When you buy a high-end GeForce RTX GPU, you expect to take advantage of every feature Nvidia loves to boast about. That's exactly what I thought when I picked up my first RTX card, the RTX 3090, back in 2020. Fast forward to 2025, and even after upgrading to an RTX 4090, I still turn off RTX features in most of the games I play. You'd think that with such a powerful card, I'd be chasing maxed-out graphics settings in every title, but to me, the trade-offs just aren't worth it.

I'm not saying features like ray tracing and DLSS aren't worth enabling at all, but I've found that they shine only in very specific scenarios. For the kinds of games I play and the way I like to enjoy them, the drawbacks often outweigh the wow factor. DLSS upscaling, for example, introduces artifacts in fast-paced scenes, whereas frame generation adds latency, which is the last thing you'd want as a competitive gamer. I'll admit that avoiding RTX features with a high-end GPU might seem counterintuitive, but once you go through these reasons, you'll see why my choice is justified.

The FPS hit outweighs the visual upgrade

Most games don't implement ray tracing well enough to justify the cost

From my experience, I have to sacrifice about 30-50% of the frame rate whenever I turn on ray tracing in most games that support it. I wouldn't mind enabling ray tracing if I averaged over 150FPS in a game without it. At that point, I know that even with ray tracing turned on, my average FPS would still be well above 60 for a fairly smooth experience. But the thing is, the visual upgrade doesn't really justify the performance hit. Sure, the games look better, but not enough to make me want to deal with dropped frames and microstutters.

Unfortunately, most games that support ray tracing don't implement the feature well enough to deliver a truly transformative experience. Many rely on ray-traced reflections, shadows, or ambient occlusion, which add subtle improvements you'd struggle to notice unless you paused and compared frames side by side. To make ray tracing feel worthwhile, a game needs to support path tracing or at least ray-traced global illumination. But in those cases, you are forced to rely on DLSS upscaling and frame generation to keep the game playable because your FPS tanks by more than 50%, and they both have their own drawbacks.

DLSS upscaling isn't flawless

DLSS 4 is a huge improvement, but native rendering still has the edge

There's no doubt that DLSS 4 has further narrowed the gap between upscaling and native rendering. Nvidia's new transformer model for DLSS Super Resolution does a much better job of reconstructing detail and maintaining motion stability that you'd struggle to notice the difference between upscaled and natively rendered footage in slow-paced single-player games. However, when you play fast-paced games, especially at 1440p or 1080p resolution, you'll quickly realize why it still falls short.

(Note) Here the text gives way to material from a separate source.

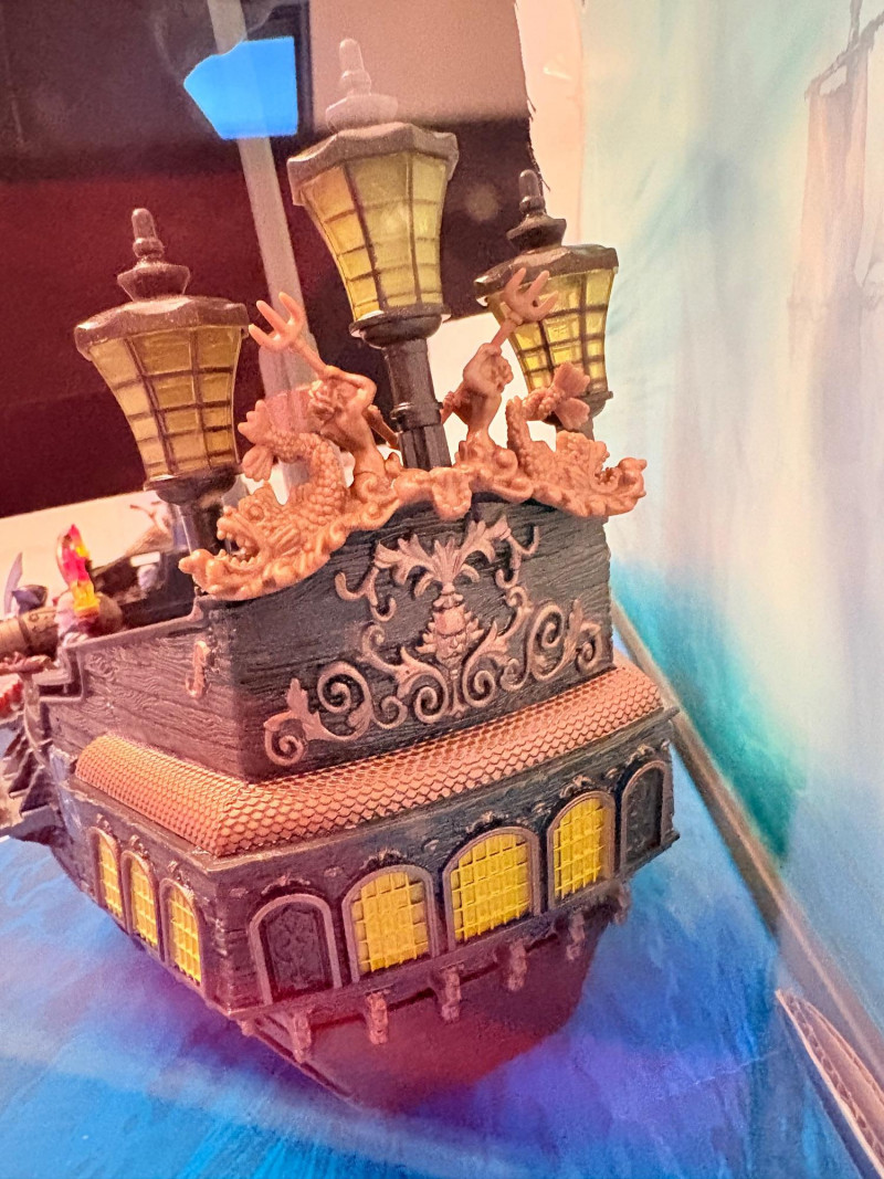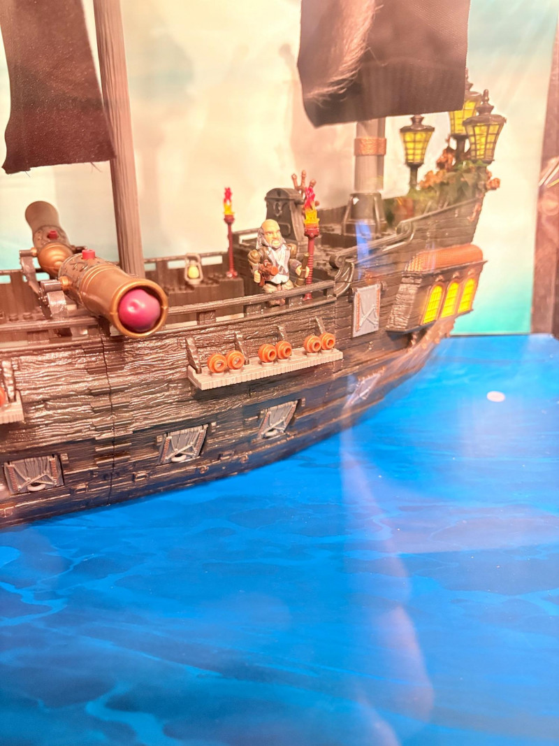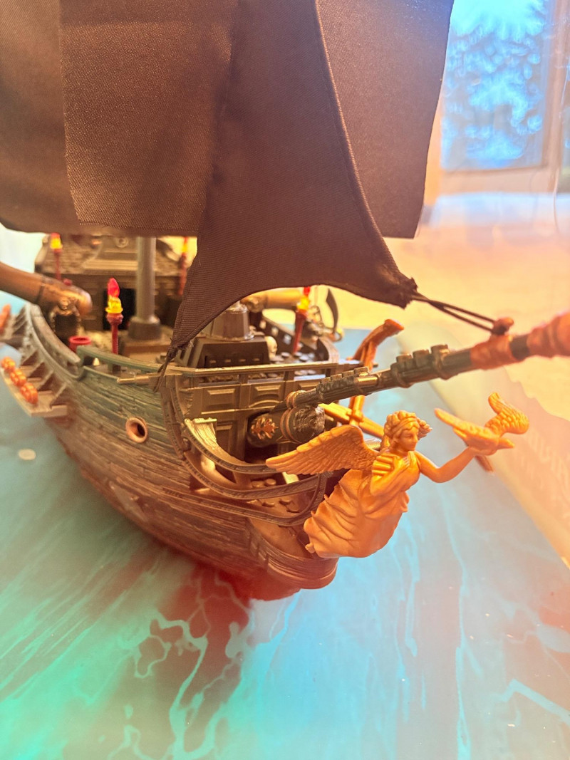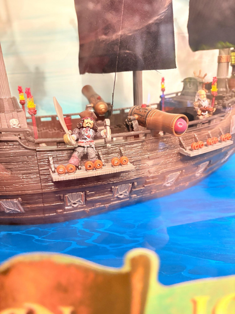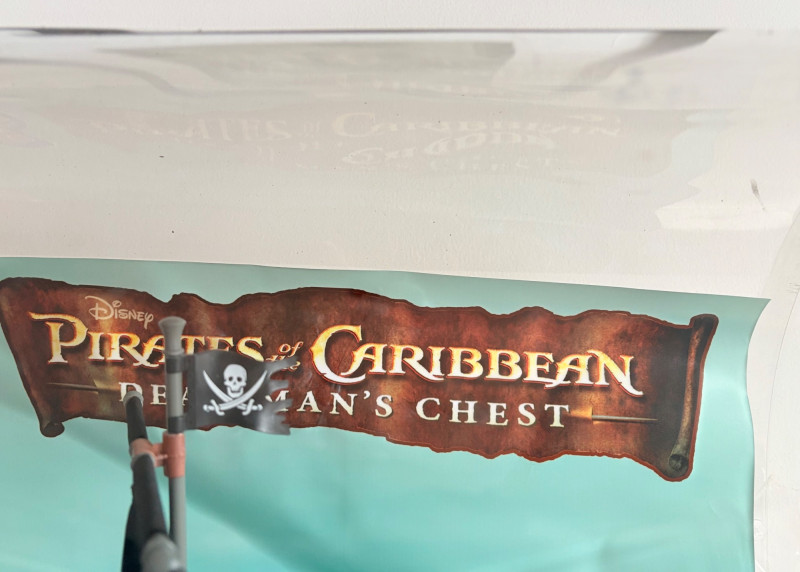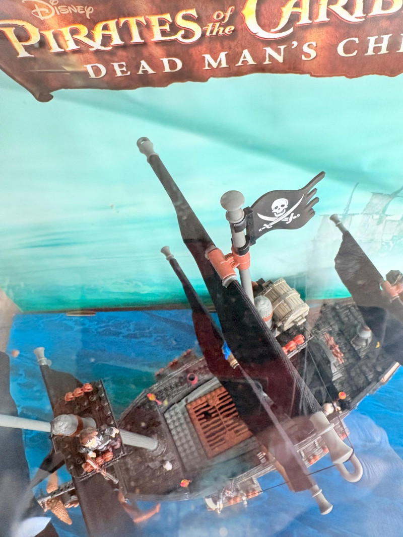 OK, first an apology - we cannot find a similarly packaged Pirates of the Caribbean on-line to refer you to since we know these photos are awful. This Mega Bloks model is packaged in a curved plastic dome that defies being photographed without distortion or reflection. We didn't open it since it appears to be mostly still sealed in the original packaging. The only identifying factors are on the label as Pirates of the Caribbean & #1017 Black Pearl. The ship is anchored to a thick removeable backerboard on the bottom (you can turn it upside down and it stays secure). There are a lot of these models out there, but none in this type of packaging that we could find. The ship is made of lots of removeable small parts (Mega Bloks, obviously), has numerous figures including Jack Sparrow, and measures approx. 24" H x 24" W with the packaging a fair amount larger. Again, while it all looks to be complete, we can't seem to get good photos!

For starters, when you're panning the camera around in fast-paced titles, you'll notice that the textures and fine details don't hold up as well as they do at native resolution. Thin objects like fences and foliage can shimmer during quick movements, especially at lower resolutions like 1440p. And although DLSS 4 significantly reduces ghosting and blur compared to DLSS 3.5, I wouldn't say they're completely gone. If you sit pretty close to the monitor as I often do while playing first-person shooters, those subtle softness and shimmering issues become harder to overlook.

Frame generation comes at a cost

DLSS frame generation is far from ideal for competitive gaming

DLSS frame generation surely has its place, but it's not the magic solution for the kind of games that I play. While it does undoubtedly make AAA single-player games look smoother, the trade-offs become obvious in fast-paced competitive titles. That's mainly because the FPS boost you get from frame generation doesn't reduce input latency, since your GPU still renders the same number of frames natively. In fact, it actually adds latency because the GPU needs time to analyze the last rendered frame and motion data before predicting the next one using AI.

Anyone who plays competitive games knows just how crucial responsiveness is; even a few additional milliseconds of latency can be the difference between killing your opponent and getting killed. Frame generation improves the perceived smoothness of animations, but it doesn’t actually make the game feel smoother to play, since your inputs are still tied to the native render rate. The lower the base render rate, the more obvious this problem becomes. On top of that, it can introduce distracting artifacts like ghost frames, animation glitches, and other visual distortions during chaotic moments like gunfights, which only makes me avoid it altogether.

Rasterization still gives me the experience I actually want

I do experiment with RTX features from time to time, but only when a game makes it truly worthwhile, like Cyberpunk 2077's RT Overdrive setting, for example. Considering we rarely get games that properly implement ray tracing, I'd rather leave RTX features off and enjoy the high frame rates, low latency, and consistent smoothness that rasterization provides. Sure, you could argue that I could leave ray tracing off and benefit from DLSS upscaling and frame generation, but the latency hit and occasional artifacts in the fast-paced games I mostly play just don't make the experience worth it for me. As much as I love chasing high frame rates, I've learned that responsiveness is what really defines how a game feels. Until Nvidia improves high-end RTX GPUs to the point where ray tracing is feasible at high frame rates without relying on DLSS, I'm not ready to give up rasterization just yet.